The unit would be fielded alongside the latest Senior Year Electro-Optical Reconnaissance System-2C multispectral imaging sensor, which Austin says can see new bands on the electromagnetic spectrum and the data it collects is easier to interpret. Two units are currently fielded.

“I do believe SYERS-2C is a significant improvement in data collection,” she says. “There’s more data, and absolutely it can extend the [U-2’s] relevance beyond 2019.”

The U-2 faces renewed competition from the Global Hawk though, with a new cooperative research agreement signed between USAF and Northrop that would demonstrate SYERS-2C and other sensors on the high-flying unmanned alternative.

The Global Hawk is a smaller, lower-flying aircraft with less power, but can stay airborne for more than 30h and costs less to operate per flight hour.

And any hopes the Lockheed had of extending the U-2’s flight time by converting it to a remotely-piloted configuration are gone. The air force considered an unmanned conversion back in 2012, and the idea was floated again in 2014, but the idea has not gained any traction.

“We put that idea forward, it was not met with any interest, so we remain ready to evaluate it again, but at this time we’re not pursuing it,” says Austin.

U-2

US Air Force

Lockheed still maintains that the Global Hawk will struggle to reach parity with the U-2 by 2019, if at all. Austin contends that the U-2S, built in the 1980s, still has plenty of structural life left and could keep flying through 2050 if needed.

“Our mission capability rate averages 97%,” she says. “We have 80% of the life in the airframe left, we have no vanishing vendor issues, and we’ll continue to perform at the request of the air force.”

The service owns 27 single-seat, mission-capable U-2s and 5 double-seat trainers stationed at Beale AFB in California. The aircraft are forward deployed to the Middle East and in the Pacific theatre, and some are currently supporting the air campaign against the Islamic State extremist group in Iraq and Syria.

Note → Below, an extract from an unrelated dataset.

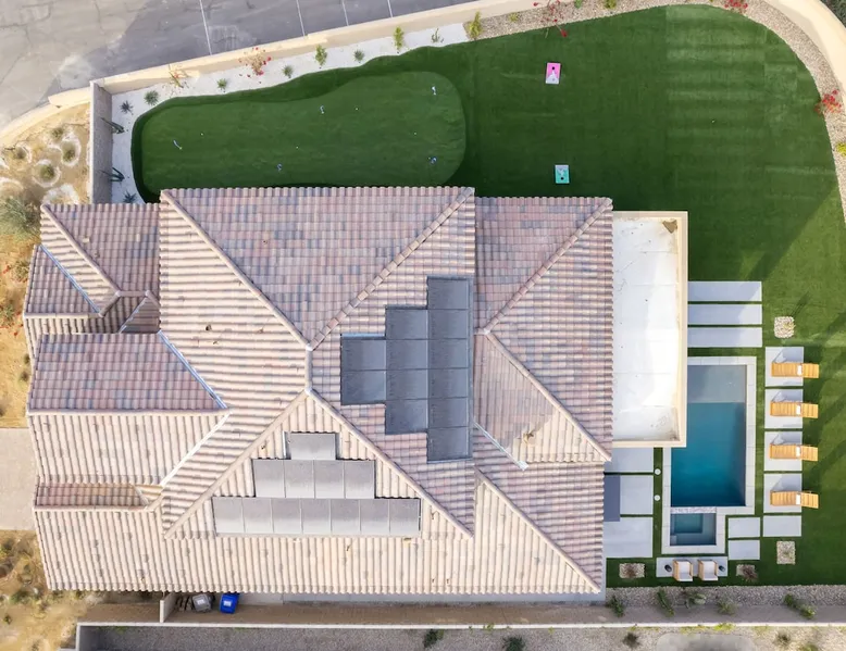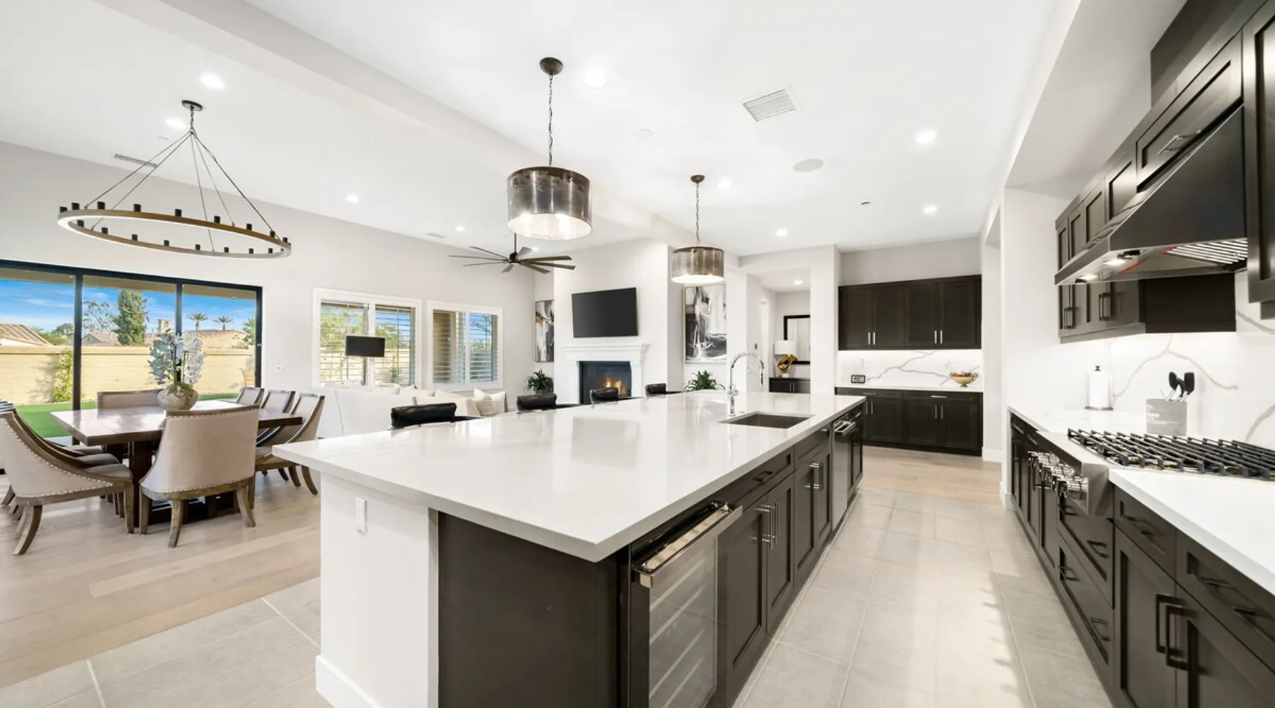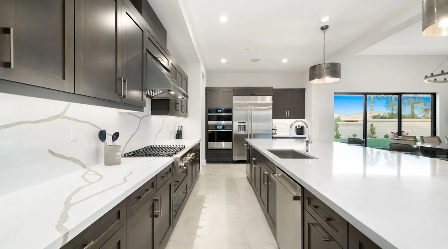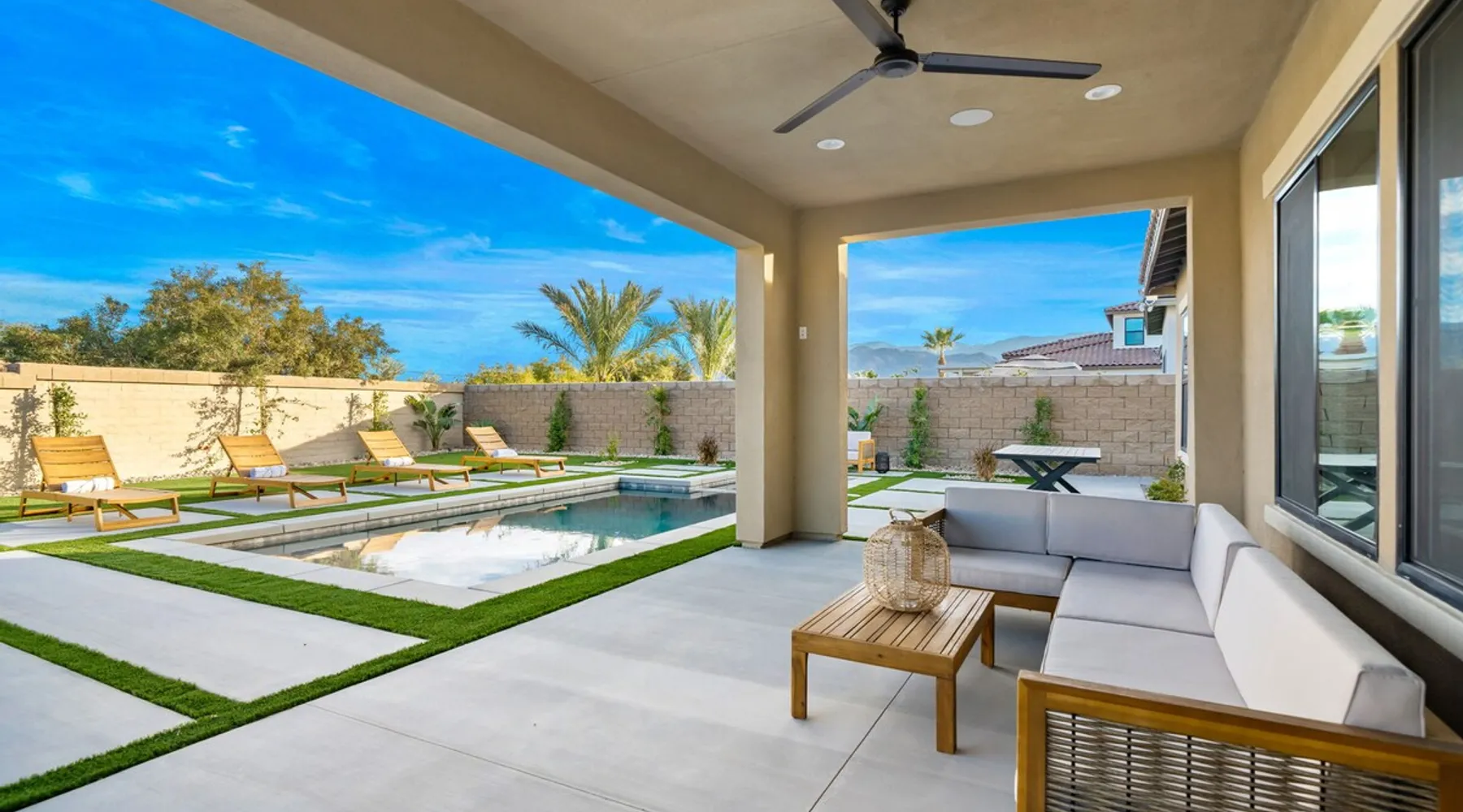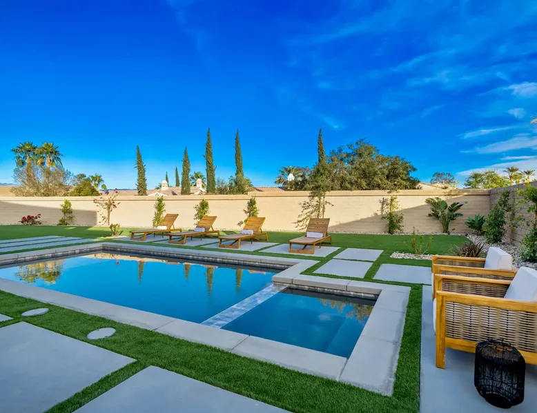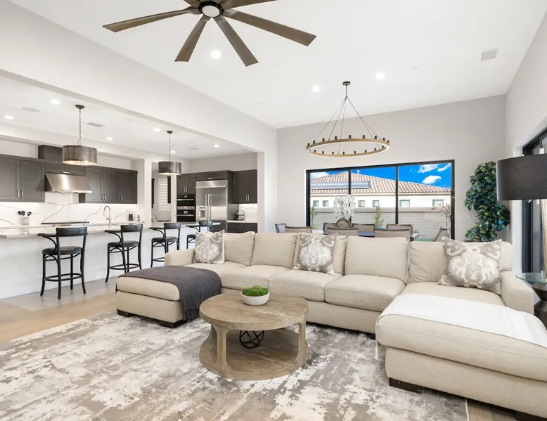 Experience luxury in this new gated Toll Bros. home in La Quinta. Featuring over 10-ft ceilings and large sliding doors, it opens to a resort-like backyard with a saltwater pool, spa, oversized putting green, games area, BBQ, & firepit. The main level includes a gourmet kitchen, master suite, 2 additional bedrooms, 2 bathrooms, and an office. Upstairs offers a spacious loft w/ air hockey, arcade games, covered patio with mountain views, plus 2 more bedrooms and bathroom. Perfect for 2 families ! Guest access Entire home
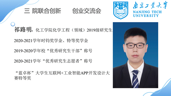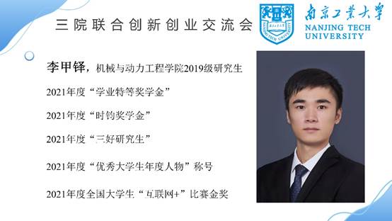 来自机械与动力工程公司的李甲铎,曾获得第七届“互联网+”创新创业大赛全国金奖。他详细介绍了自己的参赛项目和备赛经历,从校赛打到国赛一路披荆斩棘,反复修改项目文档、PPT等材料。其中, PPT是展现项目的重要方式,需要团队成员反复打磨和演练,瞄准得分点,体现项目价值,并进行一定的美化和修饰,力求充分完美地展示自己的项目。他强调,参加“互联网+”此类创新创业大赛需要投入大量的时间和精力,团队成员的协作也是必不可少的。

On another note, all 27 mission aircraft have received the Cockpit Altitude Reduction Effort (CARE) upgrade to reduce instances of decompression sickness, with the final modification completed earlier this year. Lockheed says there have been no reported cases of decompression sickness since.

The U-2 generally flies at 70,000ft and CARE reduces the pressurised altitude inside the cockpit to 15,000ft.